» What to produce
Determine how many lines of the material hold the string "Pits" and reply with only that number.
######
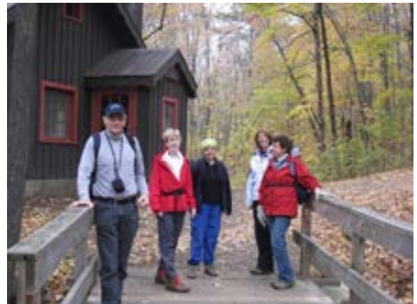
Oct. 2009 – Keogan cabin

Note change in location to a bigger parking lot during leaf season. Meet at 10:30 AM at P7 to hike to Keogan Cabin and back. Approx distance 8.5 km round trip. Trip Leader - Louise Cameron
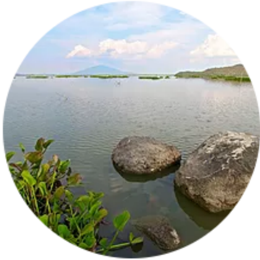
contest 1 Yuriria

3 different realities >>> 3 possible topics
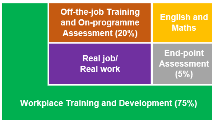
Figure 1 Key components of an apprenticeship

At the core of any apprenticeship there must be a real job with real work activity that relates to the occupation and enables the development of the required knowledge, skills and behaviours. Without this an apprenticeship will not have a positive outcome. As shown in Figure 1, approximately 75% of an apprenticeship is allocated to workplace training and development. A minimum of 20% is allocated to off-the-job training and on-programme assessment.
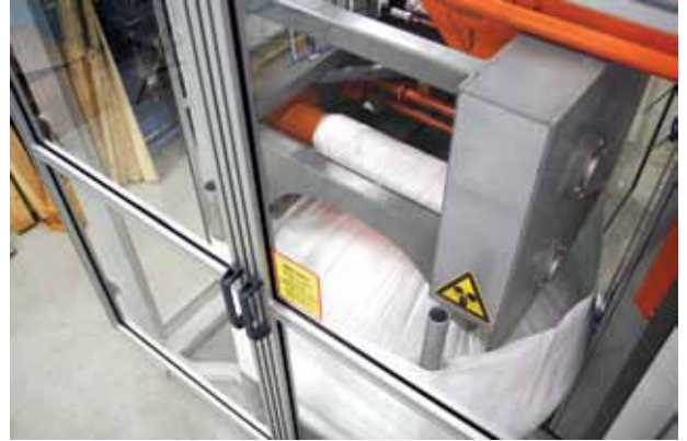
The PowerbagPress rolls the bag around its cylinder, creating a strong pressure that forces the product out of the bag.

Continuous, fully automated operation- limiting the need for supervision and minimizing product residue combine to give the user simple but cost effective product storage and handling.
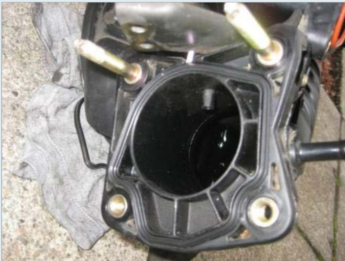
New throttle body gasket (Toyota Part #22271-0D030). The old one was likely fine but since I was taking it off anyway might as well put in a nice new one given the relatively low cost. ManifoldGasket 027.jpg (30.17 KiB) Viewed 6118 times

by biodieselrabbitt » Sun Jan 06, 2013 5:38 pm
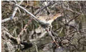
Sedge Warbler, Akrotiri Gravel Pits, 16 th August.

Akrotiri Gravel Pits 1 16-Aug TRe Akrotiri Salt Lake 1 feeding and perched 25-Aug JN
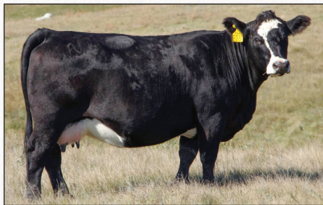
Dam to TNT Long Range, TNT Perfection & TNT Marksman
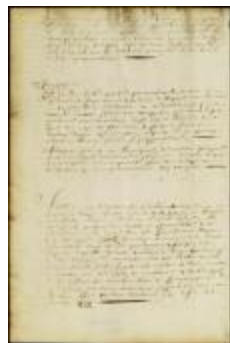
Appointment of commissioners to investigate charges against the sheriff of Staten Island (NYSA_A1881-78_V23_0201a)
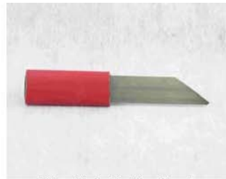
Ultra-Thin Parting Tool

Please add $5.00 Shipping and Handling to your order (no matter the number of items ordered being shipped to the same address at the same time).
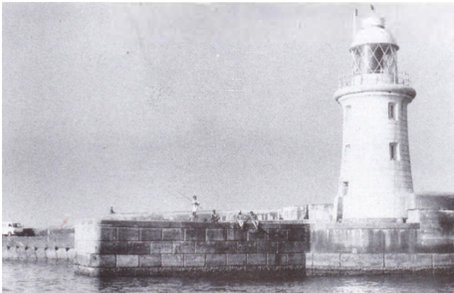
The South-west Breakwater of the Port of Colombo

The Anglers’ Club of Sri Lanka, situated at Chaitya Road near the Lighthouse, offers visitor facilities such as temporary permits to enter the breakwater, friendly advice and guidance for successful angling, and a great place to relax over a cool beer after a hard day’s fishing.
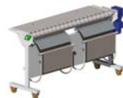
Two-lane serviette collector
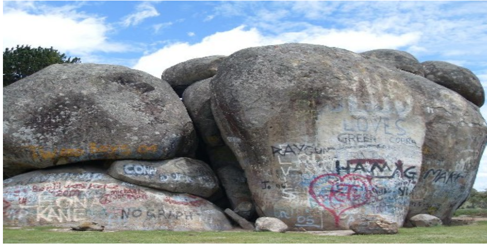
Thunderbolt's Rock, NSW. (Wright.2010)

A 'silent' and isolated land on which the colonist searched for identity and place in geographical isolation at the 'bottom' of the world, is now downloaded upon at high-speed. The economy has now framed and colonised the land whilst marketing identity. Land is as pretty as a picture, someone else's picture that you do your best to comfortably locate yourself within, (or without), with job, or without. Though, momentarily bored like us all, you can't help but write something into the view.
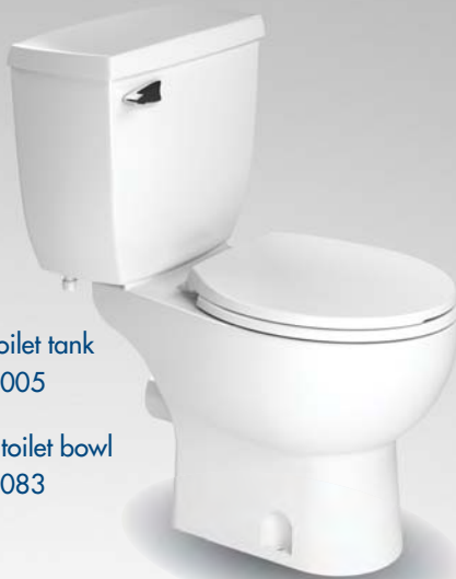
Insulated toilet tank Part# 005
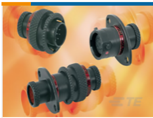
TE Part #ASDD006-09SN-HE RECEPTACLE ASSEMBLY ASL 9-WAY
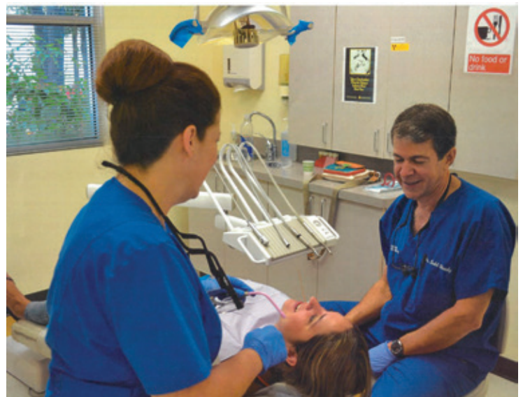
Interfaith Community Clinic
######
» Task result
2